ALFRED is a local-first AI research agent that takes you from a raw hypothesis all the way through literature review, experiment design, sandboxed code execution, live metric streaming, automatic error fixing, result interpretation, iterative refinement, comparison dashboards, and paper export — entirely on your own hardware.
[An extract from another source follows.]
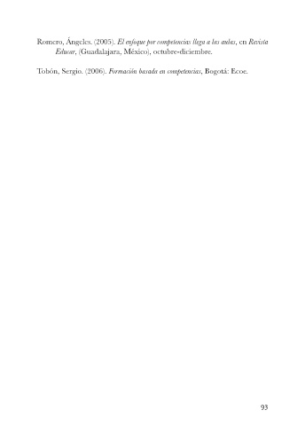 Romero, Ángeles. (2005). El enfoque por competencias llega a las aulas, en Revista Educar, (Guadalajara, México), octubre-diciembre. Tobón, Sergio. (2006). Formación basada en competencias, Bogotá: Ecoe. 93
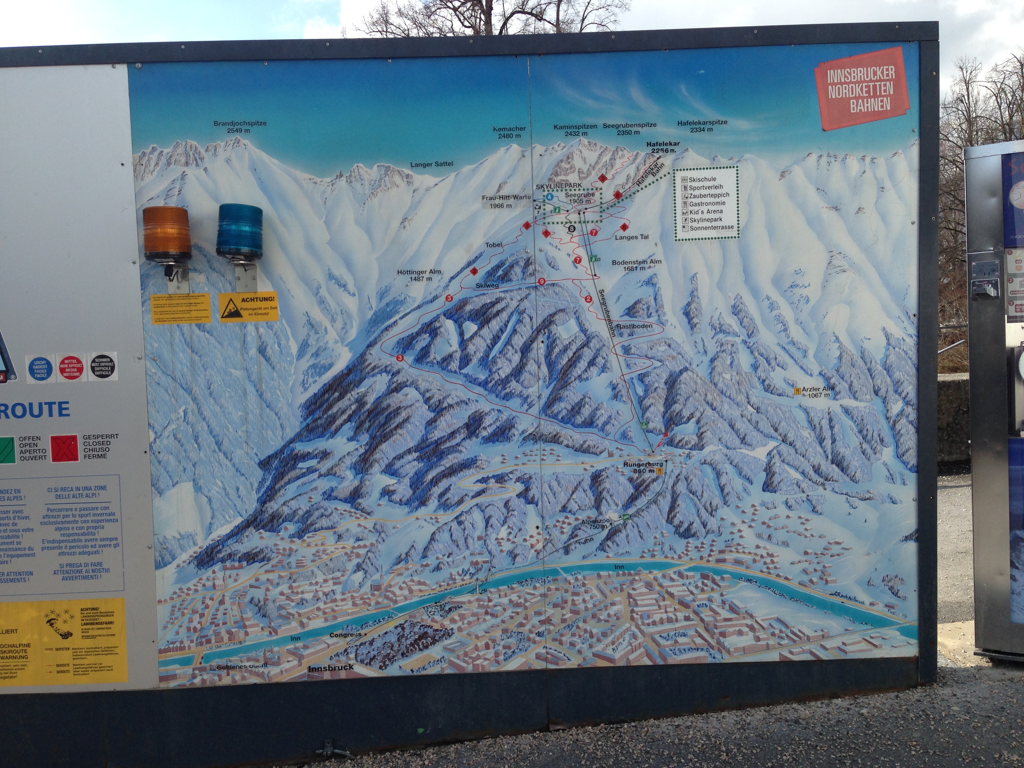 While strolling through the city of Innsbruck, I hear the sound of heavy ski boots banging on the pavement. I look up. Yes, there is a skier going by, helmet on his head, boots at his feet, carrying skis and poles. His friend is not so noisy. He is a snow boarder with soft boots, helmet on his head, snow board under his arm. Others come in sneakers, while the ski boots hang over their shoulders. We are in the middle of a town of 130’000 inhabitants. What are the skiers and snowboarders doing here?

No data leaves your machine. All LLMs run locally via Ollama.
Deep multi-source literature sweep across arXiv, Semantic Scholar, OpenAlex, and DuckDuckGo. Uses snowball sampling and fuzzy deduplication to surface the most relevant prior work, then scores your hypothesis on novelty, gap, and publishability (0–100 each) with verifiable citations.
Configurable depth: set research_num_queries in alfred_config.json to
1 (fast pipeline test) or 5 (thorough, production-grade review). Default
is 1 so you can iterate quickly.
Skip option: If you already know the literature or just want to start hacking, use the "Skip research → Jump to experiment design" button on the empty chat screen to bypass Stage 1 entirely.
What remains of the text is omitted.